We speak of effective communication when people correctly perceive the meaning of the interlocutor's statement, in accordance with his intention. The ability to communicate, contrary to appearance, is not the easiest at all, especially since we are accompanied by many obstacles.

The effectiveness of communication depends on people talking to each other:

  • have the ability to express and verbalize their thoughts correctly,
  • be able to listen to the interlocutor,
  • try to avoid communication blocks.

Steps to effective communication:

  • talk about what you feel and think in the first person singular, make sentences with the subject "I" instead of the subject "you",
  • try to make eye contact with the interlocutor,
  • pay attention to tone of voice, body posture,
  • express your feelings and views directly, openly, without hints, respecting the interlocutor,
  • formulate general judgments and evaluations as personal opinions, and not as the only truth,
  • transmit negative content face-to-face, without the presence of other people,
  • when talking to someone, try to sympathize with their feelings, react empathetically

Effective listening:

  • attentiveness – focus on what the other person is saying (content and non-verbal messages) and not on what you are going to reply (counter-arguments, advice, etc.)
  • give non-verbal listening signals (eye contact, body posture),
  • try to empathize with the other person's experience, but without "mind reading", judging intentions and motives,
  • accept the interlocutor's feelings, do not deny them,
  • explain messages received - check whether you understand well what someone meant, ask for more information, clarify the meaning of words, check your own understanding of someone's experience,
  • being a listener, suggesting rather than dictating your own solutions,
  • avoid judgments and criticism, moralizing, accusations, comparisons with others.

Steps to effective listening:

  • listen calmly and attentively,
  • accept feelings with the help of: "oh", "I understand" (you can accept all feelings, but some actions should be limited)
  • identify, name these feelings,
  • describe what you heard (paraphrase), specify the meaning of the words,
  • show understanding (even if you have a different point of view, say: "I would have behaved differently myself, but looking at it from your point of view...)

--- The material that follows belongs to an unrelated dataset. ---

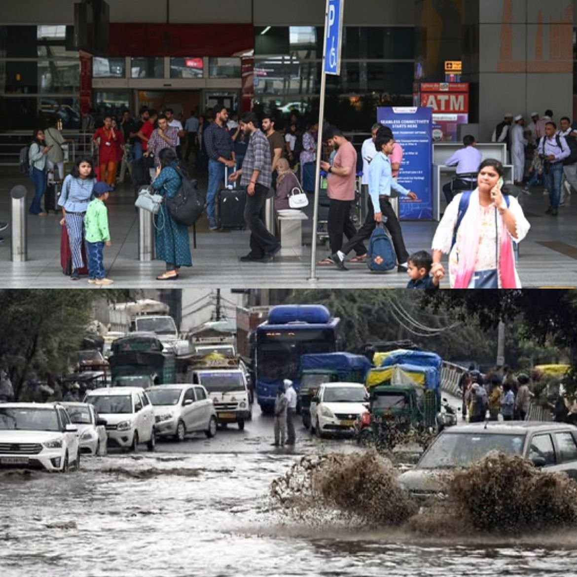 On May 25, 2025, a powerful thunderstorm struck Delhi-NCR, bringing heavy rainfall, gusty winds up to 100 km/h, and significant disruption. The India Meteorological Department had issued a red alert, forecasting severe weather conditions. The storm led to extensive waterlogging in areas like Minto Road, Delhi Cantt, and near the airport, with visuals showing submerged vehicles. Flight operations at Indira Gandhi International Airport were severely affected, with over 200 flights delayed and average delays of 45 minutes. Delhi recorded 81.2 mm of rain during the storm, making May 2025 the wettest on record with a total of 186.2 mm. (PC: PTI)

The most frequently used communication blocks:

 

  • DENIAL OF FEELINGS "don't worry, everything is fine, you're exaggerating"
  • TIP "I think you should..."
  • QUESTION "What urgent matters prevented you from fulfilling the additional assignment of the chief?" Why didn't you think before that such things were dealt with at once?'
  • PROTECTING ANOTHER PERSON "I understand your boss's reaction, he probably has something on his mind"
  • SORRY "poor thing, I'm so sorry I want to cry"
  • COMFORT "don't worry, it could be worse"
  • CONTEST "I'm sure I'll do better than..."
  • SCIENTIFIC NOTES "Studies have shown that..."
  • PHILOSOPHY'S ANSWER: "That's life, you have to understand that nothing in the world is perfect"
  • CHANGING THE SUBJECT "Look, isn't this a wonderful place..."
  • AMATEUR PSYCHOANALYST "It has not occurred to you that the real reason you are upset is that your boss reminds you of your father"
  • FILTER "Another good day at work, huh?"
  • DEFENSE-ATTACK "yes, but you..."
  • IDENTIFICATION "it's just like when I..."
  • IGNORING "..."
  • LABELING "Oh come on, you're totally paranoid"
  • Sarcastic remarks

Thanks to proper communication, a person is able to convey his own feelings, emotions and needs. This is very important, so from early childhood it is worth doing exercises with children to improve communication skills.

At the first stage, it should be done, for example, through a game using cards for communication exercises, which are an interesting form of exercises that affect the development and improvement of communication and observation skills.